- [TASK OBJECTIVE]: Copy the material below verbatim from the line with "This foldable electric" to the line with "투명 메쉬 수납 가방", both lines included, omitting pictures and every line outside that range.

- [DATA PROVIDED]:
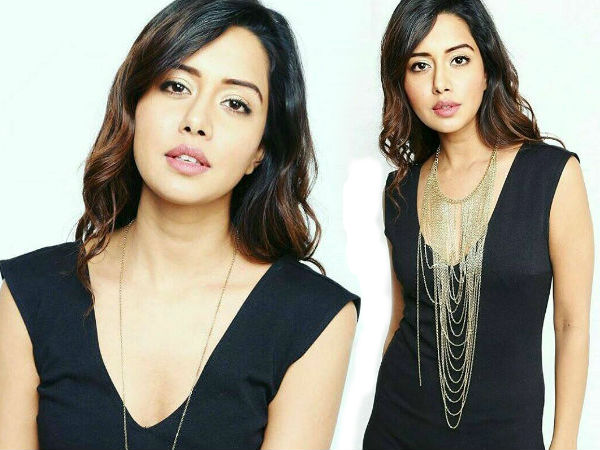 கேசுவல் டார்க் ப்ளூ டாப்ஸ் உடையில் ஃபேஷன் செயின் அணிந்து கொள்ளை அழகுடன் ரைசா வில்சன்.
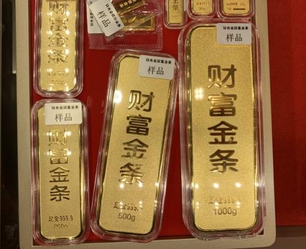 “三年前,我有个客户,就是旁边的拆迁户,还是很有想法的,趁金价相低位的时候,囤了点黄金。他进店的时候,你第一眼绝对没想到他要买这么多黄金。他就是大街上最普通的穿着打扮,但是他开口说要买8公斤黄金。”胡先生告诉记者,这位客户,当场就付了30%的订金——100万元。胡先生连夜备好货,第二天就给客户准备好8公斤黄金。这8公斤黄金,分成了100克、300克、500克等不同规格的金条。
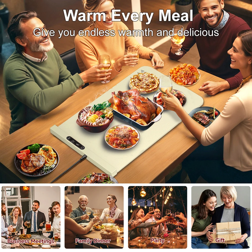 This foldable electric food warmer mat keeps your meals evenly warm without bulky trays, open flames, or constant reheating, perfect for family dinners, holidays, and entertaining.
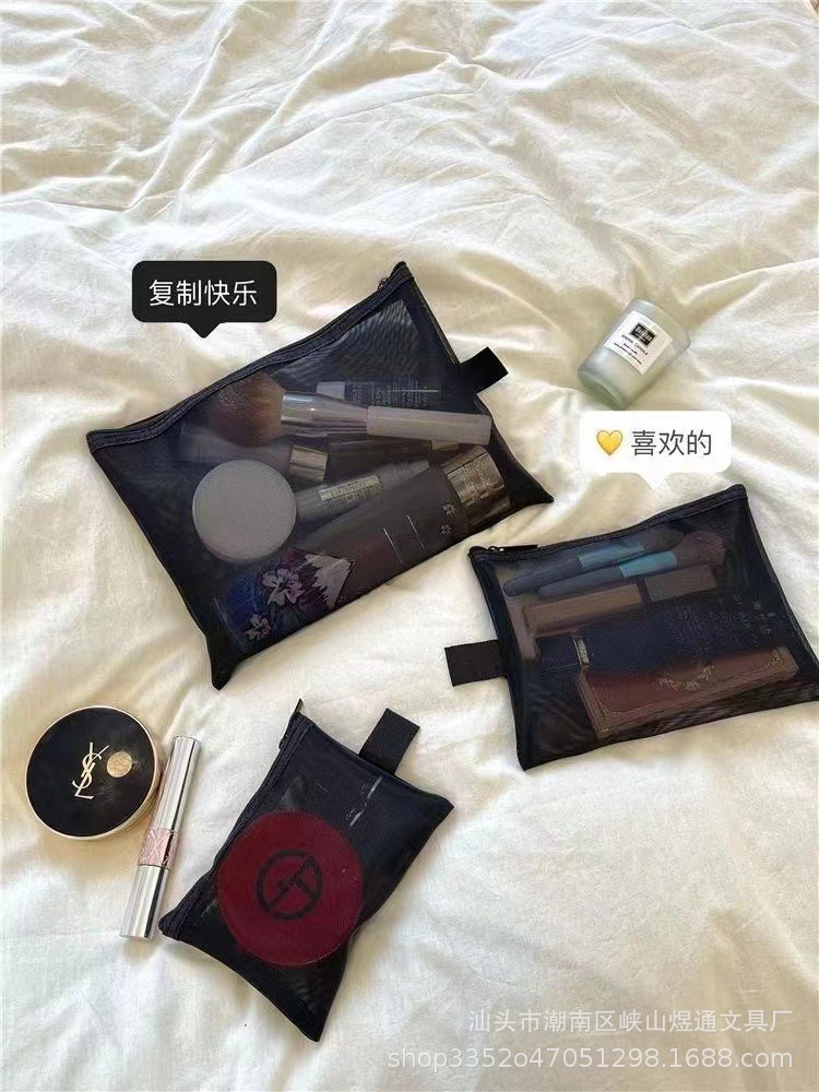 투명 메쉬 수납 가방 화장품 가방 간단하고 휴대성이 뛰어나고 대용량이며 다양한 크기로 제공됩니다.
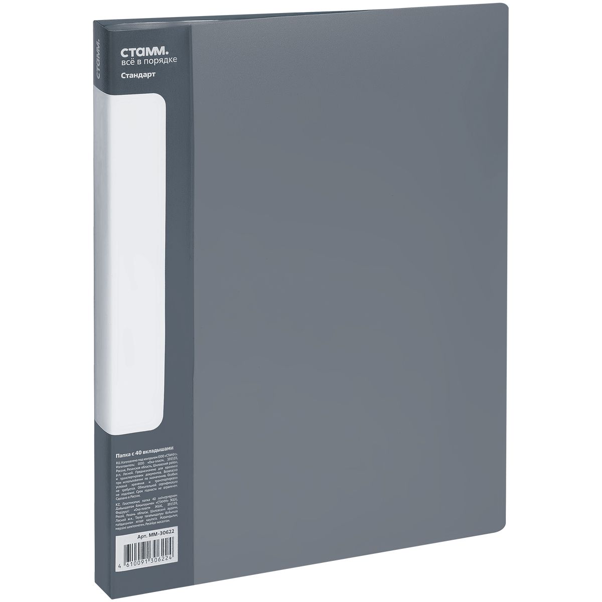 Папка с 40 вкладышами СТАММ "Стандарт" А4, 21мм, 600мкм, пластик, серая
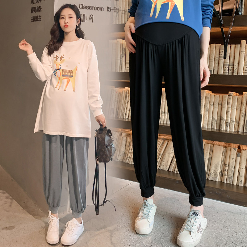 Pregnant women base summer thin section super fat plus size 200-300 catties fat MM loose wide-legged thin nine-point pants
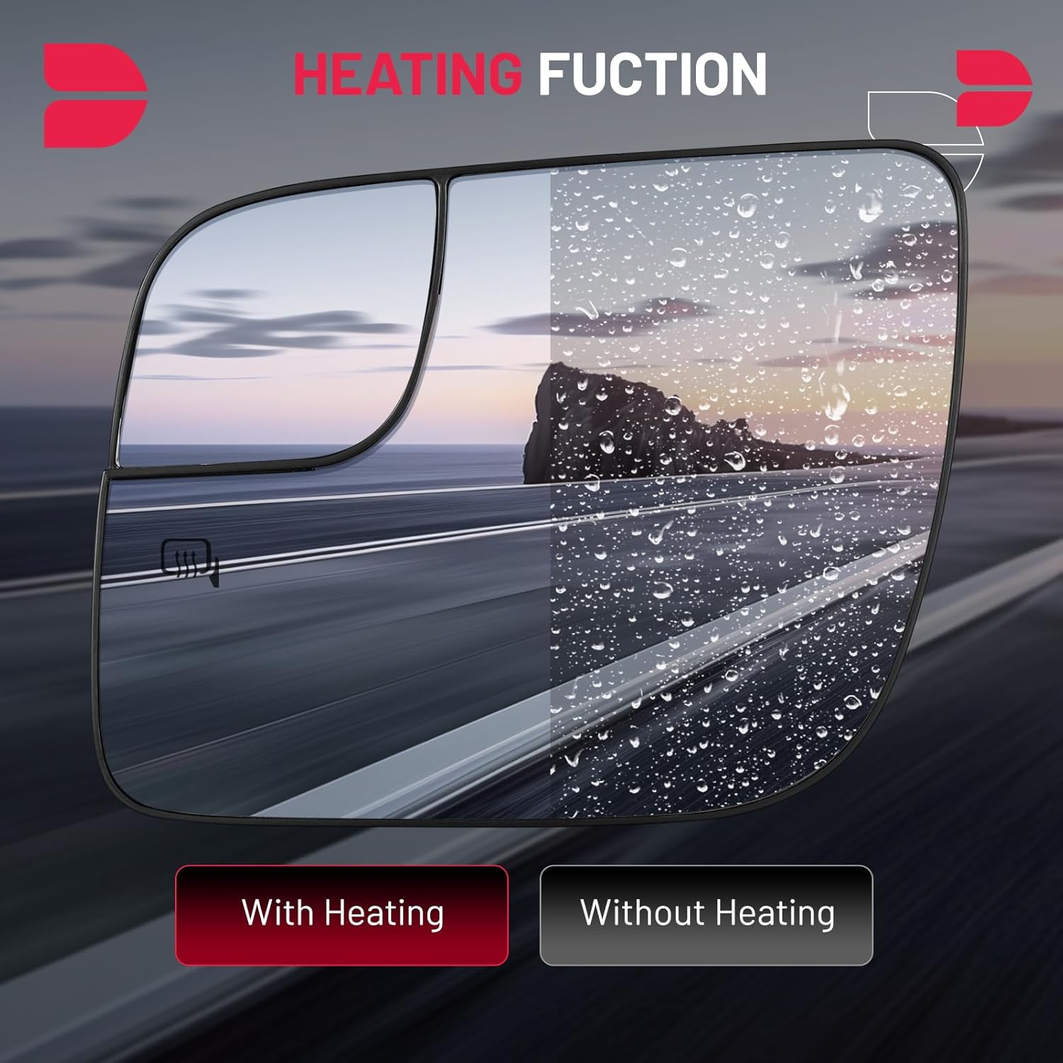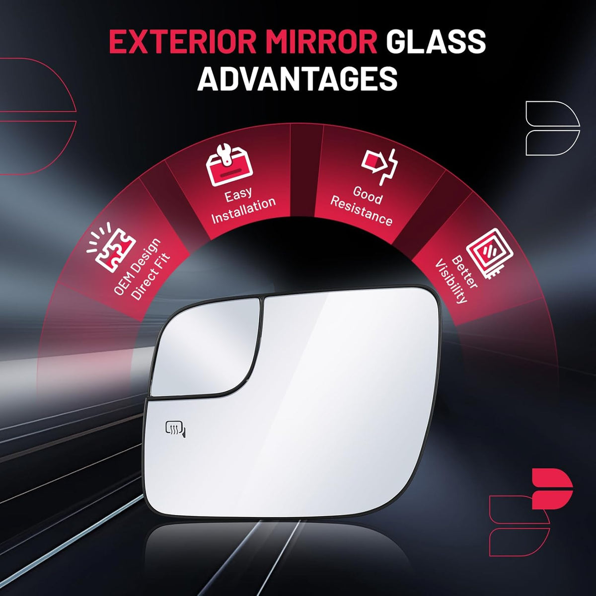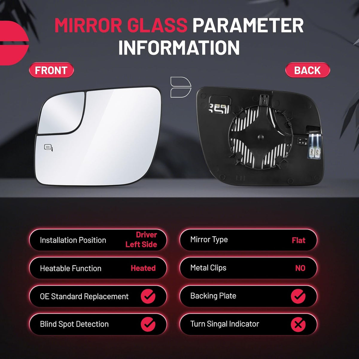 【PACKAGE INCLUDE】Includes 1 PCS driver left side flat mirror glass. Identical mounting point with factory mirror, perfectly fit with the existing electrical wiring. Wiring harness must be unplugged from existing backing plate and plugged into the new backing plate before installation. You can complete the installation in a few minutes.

---

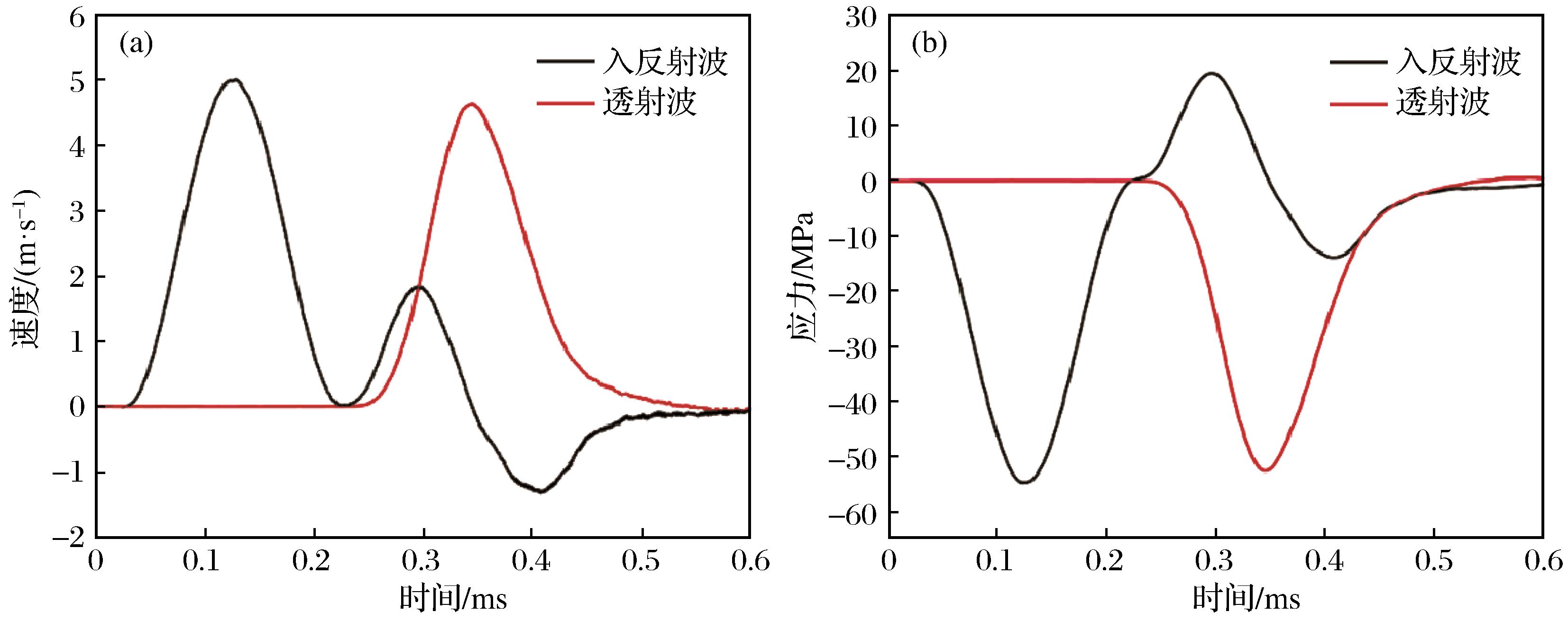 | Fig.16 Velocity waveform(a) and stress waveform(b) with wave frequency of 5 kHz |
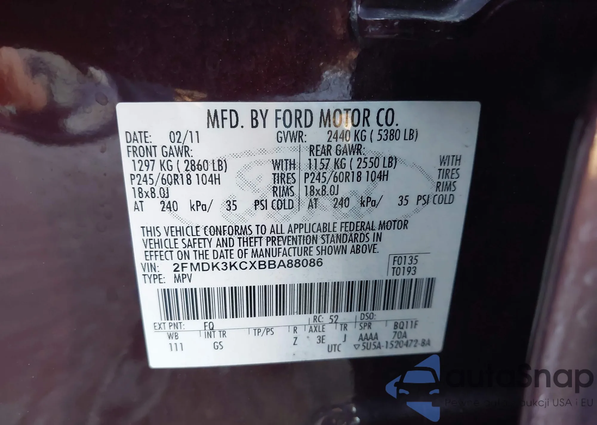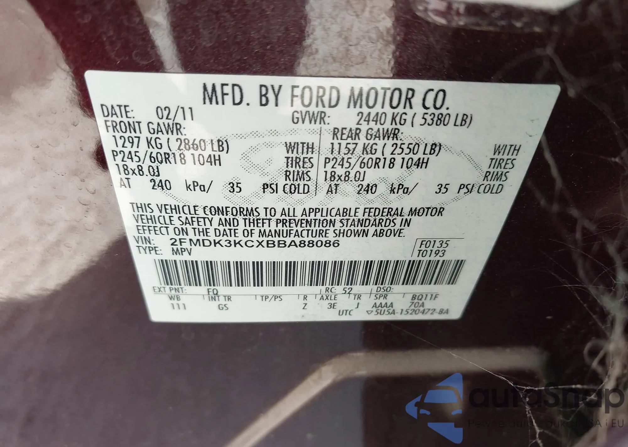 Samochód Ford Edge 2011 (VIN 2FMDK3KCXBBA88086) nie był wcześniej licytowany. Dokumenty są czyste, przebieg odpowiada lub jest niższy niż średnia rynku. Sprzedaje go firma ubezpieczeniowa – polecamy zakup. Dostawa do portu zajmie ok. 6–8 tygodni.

---

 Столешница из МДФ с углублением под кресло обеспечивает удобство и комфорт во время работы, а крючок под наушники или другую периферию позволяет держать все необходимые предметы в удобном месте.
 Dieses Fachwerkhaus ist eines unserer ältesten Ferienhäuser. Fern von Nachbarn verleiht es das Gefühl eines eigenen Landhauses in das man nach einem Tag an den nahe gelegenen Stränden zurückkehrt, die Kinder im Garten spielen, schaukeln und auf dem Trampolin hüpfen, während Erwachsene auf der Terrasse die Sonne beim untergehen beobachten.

- [FINAL ANSWER]:
 This foldable electric food warmer mat keeps your meals evenly warm without bulky trays, open flames, or constant reheating, perfect for family dinners, holidays, and entertaining.
 투명 메쉬 수납 가방 화장품 가방 간단하고 휴대성이 뛰어나고 대용량이며 다양한 크기로 제공됩니다.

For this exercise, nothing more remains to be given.